Using Geotechnical Sensors to Measure and Analyze Lateral Pressure of Concrete on Vertical Formwork: Field and Laboratory Experiments
摘要
This study investigates the distribution of lateral pressure exerted by fresh concrete on vertical formwork using geotechnical instrumentation. Existing specifications provide a variety of predictive formulas for lateral pressure of concrete. However, the previous studies found that indirect pressure measuring instruments used in the experiments on which the existing specifications are based are not well suited for fresh concrete. In its early stages, concrete behaves as a water-saturated granular material, similar to soil. In view of this, a geotechnical approach was adopted here, using a Null gauge, which is a direct measuring device capable of accurately capturing fresh concrete pressure. A laboratory experiment and four field experiments were conducted. The laboratory experiment was performed on a 2.3-m-high column with a cross-section of 0.3 × 0.3 m, using Null gauges to measure lateral pressure. The field experiments, conducted on an active construction site, were performed on a wall 4.8 m high and 0.35 m thick, using both Null gauges and conventional tension gauges.
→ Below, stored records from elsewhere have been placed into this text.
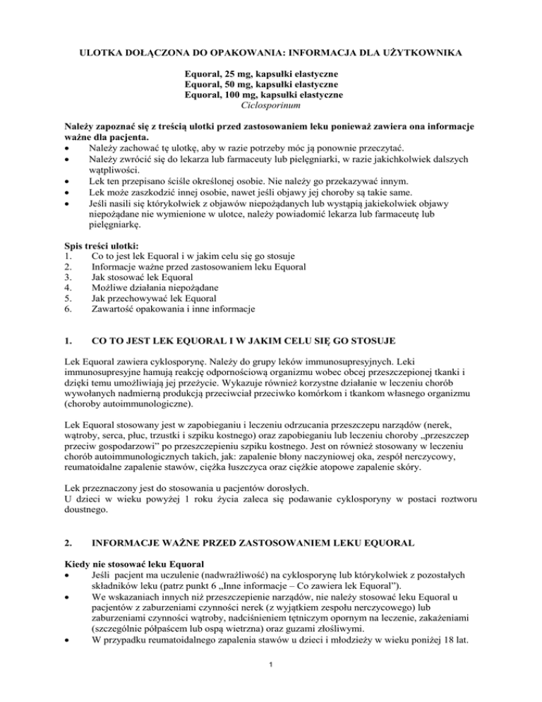 ULOTKA DOŁĄCZONA DO OPAKOWANIA: INFORMACJA DLA UŻYTKOWNIKA Equoral, 25 mg, kapsułki elastyczne Equoral, 50 mg, kapsułki elastyczne Equoral, 100 mg, kapsułki elastyczne Ciclosporinum Należy zapoznać się z treścią ulotki przed zastosowaniem leku ponieważ zawiera ona informacje ważne dla pacjenta. Należy zachować tę ulotkę, aby w razie potrzeby móc ją ponownie przeczytać. Należy zwrócić się do lekarza lub farmaceuty lub pielęgniarki, w razie jakichkolwiek dalszych wątpliwości. Lek ten przepisano ściśle określonej osobie. Nie należy go przekazywać innym. Lek może zaszkodzić innej osobie, nawet jeśli objawy jej choroby są takie same. Jeśli nasili się którykolwiek z objawów niepożądanych lub wystąpią jakiekolwiek objawy niepożądane nie wymienione w ulotce, należy powiadomić lekarza lub farmaceutę lub pielęgniarkę. Spis treści ulotki: 1. Co to jest lek Equoral i w jakim celu się go stosuje 2. Informacje ważne przed zastosowaniem leku Equoral 3. Jak stosować lek Equoral 4. Możliwe działania niepożądane 5. Jak przechowywać lek Equoral 6. Zawartość opakowania i inne informacje 1. CO TO JEST LEK EQUORAL I W JAKIM CELU SIĘ GO STOSUJE Lek Equoral zawiera cyklosporynę. Należy do grupy leków immunosupresyjnych. Leki immunosupresyjne hamują reakcję odpornościową organizmu wobec obcej przeszczepionej tkanki i dzięki temu umożliwiają jej przeżycie. Wykazuje również korzystne działanie w leczeniu chorób wywołanych nadmierną produkcją przeciwciał przeciwko komórkom i tkankom własnego organizmu (choroby autoimmunologiczne). Lek Equoral stosowany jest w zapobieganiu i leczeniu odrzucania przeszczepu narządów (nerek, wątroby, serca, płuc, trzustki i szpiku kostnego) oraz zapobieganiu lub leczeniu choroby „przeszczep przeciw gospodarzowi” po przeszczepieniu szpiku kostnego. Jest on również stosowany w leczeniu chorób autoimmunologicznych takich, jak: zapalenie błony naczyniowej oka, zespół nerczycowy, reumatoidalne zapalenie stawów, ciężka łuszczyca oraz ciężkie atopowe zapalenie skóry. Lek przeznaczony jest do stosowania u pacjentów dorosłych. U dzieci w wieku powyżej 1 roku życia zaleca się podawanie cyklosporyny w postaci roztworu doustnego. 2. INFORMACJE WAŻNE PRZED ZASTOSOWANIEM LEKU EQUORAL Kiedy nie stosować leku Equoral Jeśli pacjent ma uczulenie (nadwrażliwość) na cyklosporynę lub którykolwiek z pozostałych składników leku (patrz punkt 6 „Inne informacje – Co zawiera lek Equoral”). We wskazaniach innych niż przeszczepienie narządów, nie należy stosować leku Equoral u pacjentów z zaburzeniami czynności nerek (z wyjątkiem zespołu nerczycowego) lub zaburzeniami czynności wątroby, nadciśnieniem tętniczym opornym na leczenie, zakażeniami (szczególnie półpaścem lub ospą wietrzna) oraz guzami złośliwymi. W przypadku reumatoidalnego zapalenia stawów u dzieci i młodzieży w wieku poniżej 18 lat. 1 W czasie ciąży. Lek Equoral może być stosowany w czasie ciąży jedynie w przypadku bezwzględnej konieczności. W okresie karmienia piersią. Jeżeli pacjent jest leczony takrolimusem. Jeśli pacjent jest leczony rozuwastatyną. Ostrzeżenia i środki ostrożności Cyklosporyna może być przepisywana wyłącznie przez lekarzy mających doświadczenie w leczeniu immunosupresyjnym, którzy mogą zapewnić właściwą obserwację podczas leczenia, w tym regularne badanie lekarskie, pomiar ciśnienia krwi oraz kontrolę parametrów laboratoryjnych, na podstawie których określa się bezpieczeństwo stosowania leku. Tak, jak inne leki immunosupresyjne, cyklosporyna zwiększa ryzyko rozwoju chłoniaków i innych nowotworów złośliwych, szczególnie nowotworów skóry. Ze względu na potencjalne ryzyko wystąpienia nowotworów złośliwych skóry u osób leczonych lekami immunosupresyjnymi, pacjenci przyjmujący lek Equoral powinni unikać ekspozycji na światło słoneczne przez stosowanie odzieży ochronnej oraz filtrów przeciwsłonecznych o wysokim wskaźniku ochrony. Pacjenci nie powinni być także poddawani działaniu promieniowania UVB lub fotochemioterapii (PUVA). Nie należy podawać leku pacjentom z zaburzeniem czynności nerek z wyjątkiem pacjentów z zespołem nerczycowym z dopuszczalnym stopniem uszkodzenia nerek, niewyrównanym nadciśnieniem tętniczym, trudnymi do opanowania zakażeniami lub nowotworami złośliwymi. Tak, jak inne leki immunosupresyjne, cyklosporyna zwiększa ryzyko rozwoju różnych zakażeń bakteryjnych, grzybiczych, pasożytniczych i wirusowych. Niektóre zakażenia mogą być ciężkie i (lub) prowadzić do zgonu pacjenta. Należy zgłaszać lekarzowi wszelkie objawy zakażenia. Częstym i potencjalnie ciężkim powikłaniem w pierwszych kilku tygodniach leczenia lekiem Equoral może być zwiększone stężenia mocznika i kreatyniny w surowicy. Wymienione zmiany czynnościowe są zależne od dawki i przemijające. Lek Equoral może także powodować zależne od dawki i przemijające zwiększenie stężenia bilirubiny w surowicy, a niekiedy też aktywności enzymów wątrobowych. Dlatego należy dokładnie monitorować parametry określające czynność nerek i wątroby. W przypadku nieprawidłowych wartości lekarz może uznać za konieczne zmniejszenie dawki. W czasie leczenia lekiem Equoral należy regularnie kontrolować ciśnienie tętnicze krwi. W przypadku wystąpienia nadciśnienia tętniczego, lekarz zastosuje odpowiednie leczenie obniżające ciśnienie. Przed leczeniem oraz po zakończeniu pierwszego miesiąca leczenia wskazane jest oznaczenie stężenia lipidów, ponieważ donoszono, że cyklosporyna może w rzadkich przypadkach powodować przemijające, nieznaczne zwiększenie ich stężenia we krwi. W razie stwierdzenia zwiększenia stężenia lipidów, lekarz rozważy ograniczenie spożycia tłuszczów i jeżeli to wskazane, zmniejszenie dawki cyklosporyny. Cyklosporyna zwiększa ryzyko wystąpienia zwiększonego s
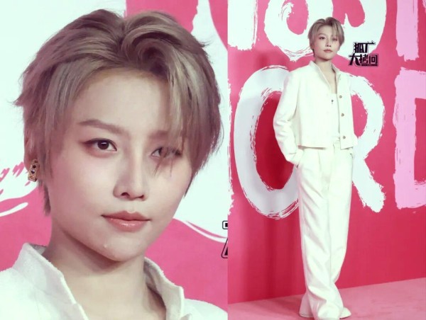 刘雨昕身着一套白色短夹克,虽在高清镜头下,下巴上的几颗痘痘显得略为明显,却丝毫不损其整体造型的酷帅。
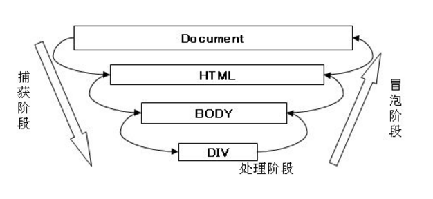 DOM2.0 模型将事件处理流程分为三个阶段,即 事件捕获阶段 、 事件处理阶段 、 事件冒泡阶段, 如图所示:
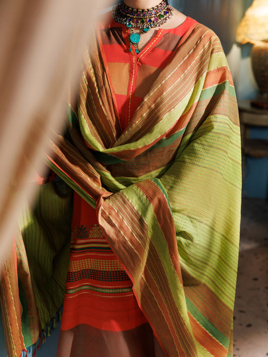 Orange Yarn Dyed 3Pc Stitched - ALP-3PS-1888
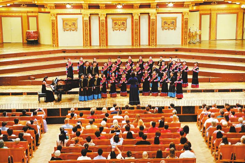 自2021年成团以来,四川国际童声合唱团一直大力推进四川民歌传唱计划。此次来到维也纳,合唱团精心准备了彝族民歌《古嫫阿芝》和苗族民歌《朵荡之哟》,天真的童声与优美的旋律深深感染了在场每一位观众。“对外传播四川特色文化是我们的初心,我们坚信,凭借独树一帜的艺术风格和完美的演绎,一定能更好地让全世界感受四川文化魅力。”合唱团相关负责人表示。
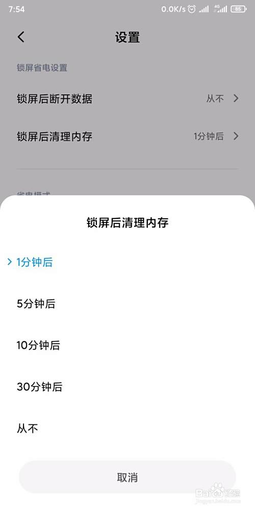 然后在列表当中我们可以根据自己的需要来选择时间,一般情况下选择一分钟就可以了,这样就可以自动来清理手机的内存了,下次我们在使用的时候就非常的顺滑。
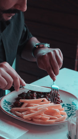 Young man with knife and fork sitting in a dark room. Maggots and cockroaches in the plate.
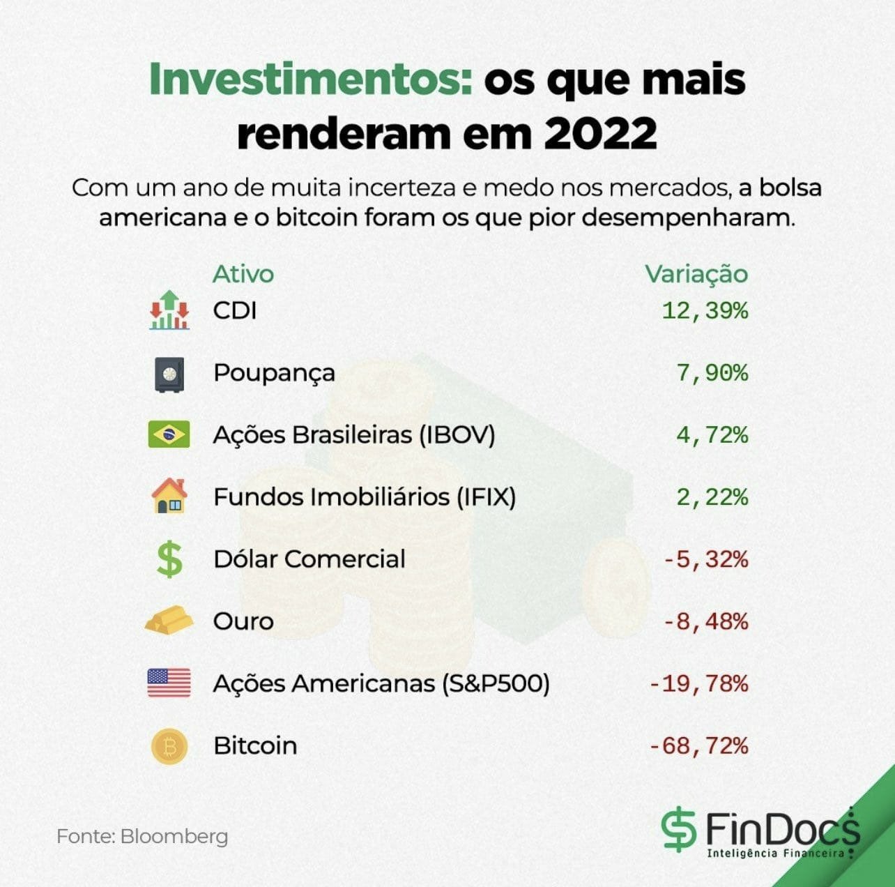 Estou no aguardo do IPCA de 2022, mas acredito que só o CDI e no máximo a poupança bateram o IPCA esse ano. Lembrando que até o dia 30/10/2022, data da eleição, o IBOV estava em 116 mil pontos e o dólar estava a R$ 5,18.
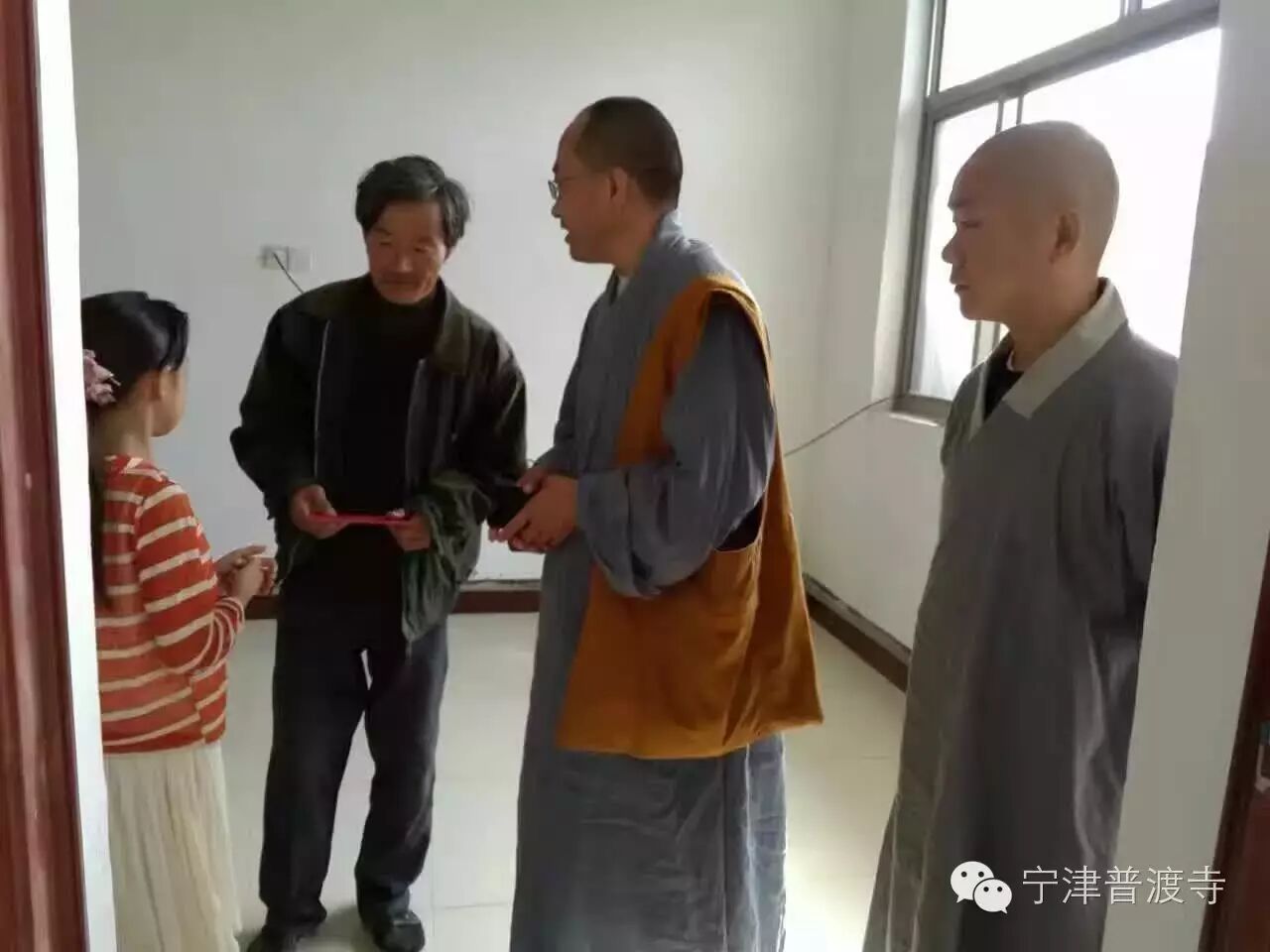 2016年国庆节期间,普渡寺耀宗法师走访慰问了宁津县相衙镇的两个特困家庭的学生。一个是门道口村的门丽慧,一个是大耿村的洪爱爱。两个孩子都经历着家庭的困苦,学习生活很困难。但据老师们反映孩子学习成绩都很好,在学校多次得到奖励。为更好的落实人间佛教慈悲济世的情怀,耀宗法师利用个人网络影响力积极募化善款,为长期改善这些就学困难的孩子的学习和生活做保障。

Although comparisons with existing models and conventional measurement instrumentation revealed general agreement with respect to upper-form pressure values, maximum measured pressures were consistently lower, and their peak formation heights were reduced compared to standard predictions. The results also highlighted the substantial influence of vibration, particularly at greater depths within the formwork, underscoring the need for precise vibration control to mitigate excessive pressure buildup. Thus, by facilitating a more accurate analysis of concrete behavior and hardening, the Null gauges proved to have a clear advantage over conventional tension gauges for measuring pressure exerted by granular and thixotropic materials such as fresh concrete.